The language specification doesn't concern itself with issues like that. Whatever you consider an appearance of "memory leak" in your program, from the language point of view it is a non-event at all. From the language point of view a "leaked" dynamically allocated object just continues to live happily until the program ends. This is the only remaining point of concern: what happens when program ends and some dynamic memory is still allocated?
If I remember correctly, the language does not specify what happens to dynamic memory which is still allocated the moment of program termination. No attempts will be made to automatically destruct/deallocate the objects you created in dynamic memory. But there's no formal undefined behavior in cases like that.

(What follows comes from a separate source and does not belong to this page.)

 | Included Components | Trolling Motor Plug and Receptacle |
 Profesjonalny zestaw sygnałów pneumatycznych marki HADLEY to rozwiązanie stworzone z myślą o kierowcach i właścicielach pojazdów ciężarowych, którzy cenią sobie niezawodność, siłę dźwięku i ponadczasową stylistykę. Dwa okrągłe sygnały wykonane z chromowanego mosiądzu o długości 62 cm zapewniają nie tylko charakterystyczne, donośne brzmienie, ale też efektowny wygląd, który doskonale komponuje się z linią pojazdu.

The burden of evidence is on those who would think a memory leak could be C++ UB.
Naturally no evidence has been presented.
In short for anyone harboring any doubt this question can never be clearly resolved, except by very credibly threatening the committee with e.g. loud Justin Bieber music, so that they add a C++14 statement that clarifies that it's not UB.
At issue is C++11 §3.8/4:
” For an object of a class type with a non-trivial destructor, the program is not required to call the destructor explicitly before the storage which the object occupies is reused or released; however, if there is no explicit call to the destructor or if a delete-expression (5.3.5) is not used to release the storage, the destructor shall not be implicitly called and any program that depends on the side effects produced by the destructor has undefined behavior.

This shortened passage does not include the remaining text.